Stand firm then, with the belt of truth buckled around your waist... – Ephesians 6:14a NIV

I was reading through this passage – good spiritual warfare passage (I say this half sarcastically, because it’s a bit of a cliché, but also entirely sincerely, because if we truly understood it, it is insanely powerful) – and I couldn’t even get past the first article of armour.

Okay, honestly, this had become such a familiar passage to me that in the past I kind of glazed over it, like yeah, armour of God, got it. Sometimes I’ve tried to look at it a bit deeper (belt of truth – we have to know the truth about Jesus, it holds everything together), but I still didn’t fully get it. I wouldn’t say I even fully get it now. But I understand it more.

Truth

Satan is the father of lies, so truth is going to be one of our most powerful weapons against him. I was struggling with this anxiety because I had believed all these little lies that he had whispered to me – I wasn’t good enough, things weren’t going to work out, I wasn’t going to be able to finish everything I had committed to, I was weak and falling apart.

As Christians, I think we often “know” the truth, but it becomes unconscious and we kind of forget. When we are fighting, I think it so powerful to not just know the truth but to SPEAK it.

In worship we speak the truth about God.

In the Word, we can read and speak the truth about God and ourselves.

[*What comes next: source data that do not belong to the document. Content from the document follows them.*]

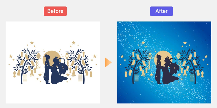 例えば、プラネタリウムのプログラムやカップル向けイベントには、繊細なタッチの織姫と彦星のイラストを取り入れると、幻想的でロマンチックな雰囲気に。
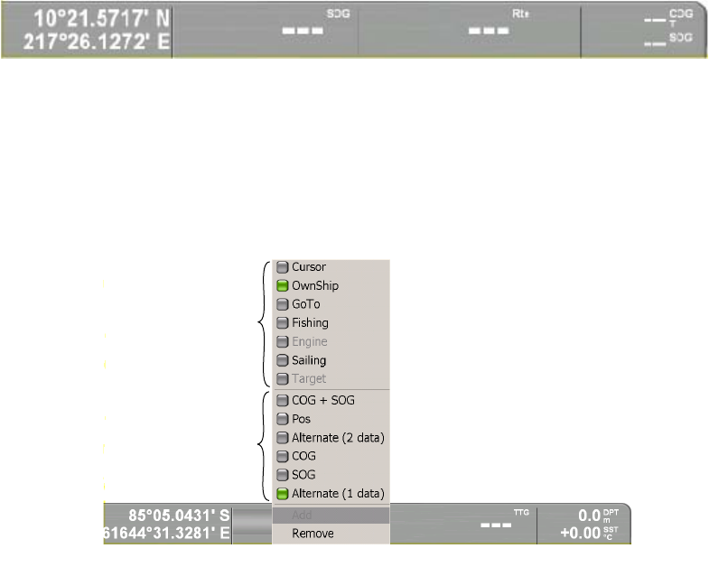 boxes, use the DATA/VOL key. NavData can be configured with the NavData pop-up
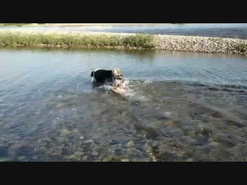 ボーダーコリーとオーストラリアンシェパードの川遊び
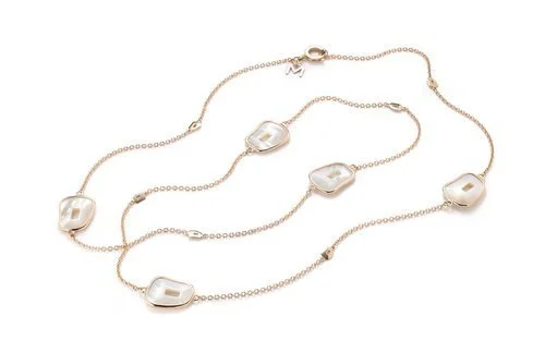 Puzzle ketting van 90cm in roségoud met naturel parelmoer Puzzle elementen.
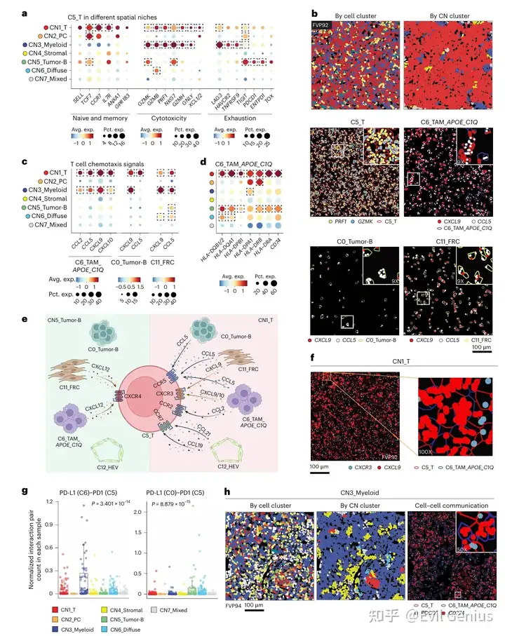 细胞间通讯分析:证实CN1中多种细胞与T细胞间存在丰富的趋化因子-受体相互作用,而其他生态位(尤其是肿瘤生态位)中则缺乏。同时,分析还揭示了:

Here are some truths I spoke over myself:

“Though the mountains be shaken and the hills be removed, yet my unfailing love for you will not be shaken nor my covenant of peace be removed,” says the Lord, who has compassion on you. – Isaiah 54:10 NIV

SAY: Even though my world is shaking, even if things may be taken from me, God’s love and peace will never be taken from me.

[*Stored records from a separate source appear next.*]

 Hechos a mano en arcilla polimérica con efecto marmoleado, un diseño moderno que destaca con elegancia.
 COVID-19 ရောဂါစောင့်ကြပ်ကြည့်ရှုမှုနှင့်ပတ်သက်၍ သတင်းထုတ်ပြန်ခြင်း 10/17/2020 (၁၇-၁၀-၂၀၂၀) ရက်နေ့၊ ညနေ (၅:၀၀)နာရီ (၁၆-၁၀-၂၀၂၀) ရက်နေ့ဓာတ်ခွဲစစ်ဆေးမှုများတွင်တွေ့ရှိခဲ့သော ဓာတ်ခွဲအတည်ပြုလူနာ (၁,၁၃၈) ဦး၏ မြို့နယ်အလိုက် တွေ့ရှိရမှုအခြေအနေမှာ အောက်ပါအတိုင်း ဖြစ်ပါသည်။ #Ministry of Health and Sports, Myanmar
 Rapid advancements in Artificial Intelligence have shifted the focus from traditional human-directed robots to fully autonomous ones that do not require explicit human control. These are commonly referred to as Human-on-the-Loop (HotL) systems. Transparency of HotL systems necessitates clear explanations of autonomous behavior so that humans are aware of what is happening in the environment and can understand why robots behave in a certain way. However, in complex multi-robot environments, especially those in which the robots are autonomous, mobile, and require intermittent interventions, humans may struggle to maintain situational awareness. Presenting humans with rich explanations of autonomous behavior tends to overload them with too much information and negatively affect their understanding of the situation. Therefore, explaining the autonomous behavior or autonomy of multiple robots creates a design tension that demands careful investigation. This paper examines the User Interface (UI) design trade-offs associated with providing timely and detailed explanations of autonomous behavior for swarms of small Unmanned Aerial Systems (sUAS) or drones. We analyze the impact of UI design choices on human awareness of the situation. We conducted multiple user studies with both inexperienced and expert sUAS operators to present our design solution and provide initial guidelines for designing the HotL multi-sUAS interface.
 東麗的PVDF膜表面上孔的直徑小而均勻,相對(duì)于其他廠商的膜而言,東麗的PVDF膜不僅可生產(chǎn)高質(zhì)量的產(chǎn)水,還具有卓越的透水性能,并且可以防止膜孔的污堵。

No weapon forged against you will prevail, and you will refute every tongue that accuses you. This is the heritage of the servants of the Lord, and this is their vindication from me,” declares the Lord. – Isaiah 54:17 NIV

SAY: God is protecting me and nothing that attacks me can destroy me.

Come quickly, Lord, and answer me, for my depression deepens. Don’t turn away from me, or I will die. Let me hear of your unfailing love each morning, for I am trusting you. Show me where to walk, for I give myself to you. Rescue me from my enemies, Lord; I run to you to hide me. –Psalm 143:7-9 NLT

SAY: God hears me and answers me. He is with me. He loves me and is worthy of my trust. He will show me where to go and what to do. He will save me. I am loved and protected.

I can never escape from your Spirit! I can never get away from your presence! If I go up to heaven, you are there; if I go down to the grave, you are there. If I ride the wings of the morning, if I dwell by the farthest oceans, even there your hand will guide me, and your strength will support me. – Psalm 139:7-10 NLT

SAY: God is with me all the time, no matter what! He is always with me, guiding and supporting me. I am not alone.

Fighting the Anxiety

After I spent my morning in the Word and worship, it is amazing how quickly my anxiety disappeared.

Attacks of the enemy are borne of lies. To fight against them, we need the truth – the truth about God and the truth about ourselves in God. When we cover ourselves in truth, the lies can’t get to us.

How do you fight against moments of anxiety?